This post is a response by a doctor to a question one of our community members asked.
For the 2 weeks I smell something bad, like burnt. What could it be?
Dr Nitesh’s reply:
Sense of odour in the absence of real stimulus is called olfactory hallucination or phantosmia. Olfactory hallucination can occur in one or both the nostrils. Cacosmia or unpleasant olfactory hallucination are the most common and are often described as smell of something burnt or foul smell. It can occur spontaneously or can be triggered by deodorants, changes in air flow or noise. Olfactory hallucinations can deteriorate quality of life with poor oral intake as person experiences foul odour even while having meals. Olfactory hallucinations occur to malfunction of neurons which lead to transmission of incorrect signals to brain.
Olfactory hallucinations can be caused by multiple conditions. It is most commonly seen in women of age between 15 to 30 years. Pregnancy has also been associated with changes in perception of olfaction and gestation. It can occur due to conditions like nasal polyps (painless, non-cancerous growth on inner lining of your nose), nasal infections or dental issues. Olfactory hallucinations can also be caused by neurological conditions like migraine, stroke, head injury, seizure or tumour in brain. Involvement of temporal lobe of the brain usually leads to olfactory hallucinations. Tumour of the olfactory bulb called neuroblastoma can lead to olfactory hallucinations. These can also be as symptom of certain psychiatric disorders like alcohol intoxication, bipolar disorder or psychotic disorders. Olfactory hallucinations are also common symptoms with Parkinson’s disease.

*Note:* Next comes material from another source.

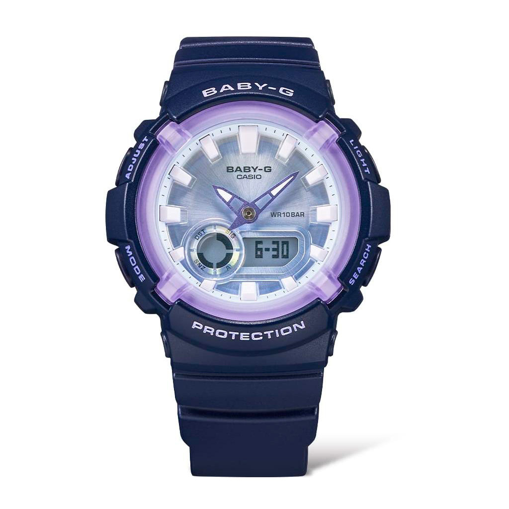 Корпус: Ударопрочный корпус выполнен из полимерного пластика фиолетового цвета. Необритовое светонакопительное покрытие обеспечивает длительное послесвечение в темноте даже после кратковременного нахождения на свету. Светодиодная лампа (Super Illuminator) выбираемая продолжительность освещения (1,5 секунды или 3 секунды), послесвечение. Прочное минеральное стекло. Размер корпуса (Д × Ш × В) 47,4 × 43,4 × 14,8 мм. Водонепроницаемость 100 метров.
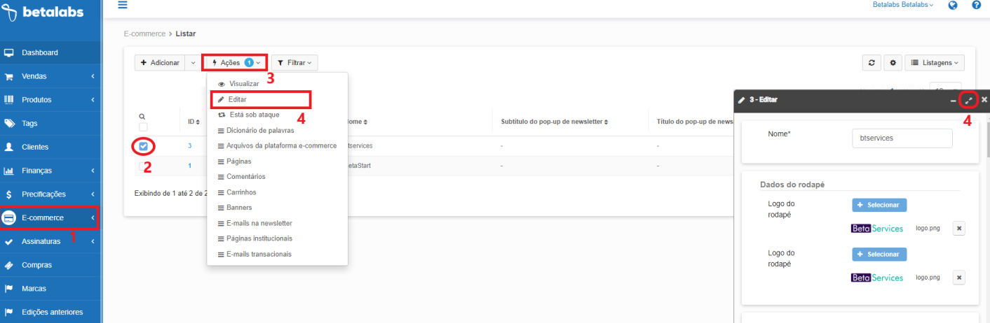 Para iniciar a configuração é necessário entrar na Aba “E-commerce” dentro do seu painel Betalabs e seguir o seguinte fluxo: Selecione a loja no checkbox e clique no campo “Ações” e logo aparecerá diversas funções, mas de começo o ideal é começar pelas configurações iniciais da loja e entrar em "Editar" logo aparecerá a janela para editar as informações:

Olfactory hallucinations can go away on its own but if hallucinations are due to some ailment, hallucinations will go away when the medical condition is resolved. An olfactory hallucination is a rare symptom and due to their rarity no clear guidelines are available for their management. Saline nasal spray provides immediate relief from the symptoms and can be repeated several times during a day. Nasal spray blocks the nostrils and hence alleviates the symptoms. Topical solutions are also available which anaesthetise the inner lining of the nose thereby providing relief from symptoms. Some studies have shown role of anti-depressants in phantosmia. Serotonin reuptake inhibitors like venlafaxine are the most common antic-depressant used for this purpose.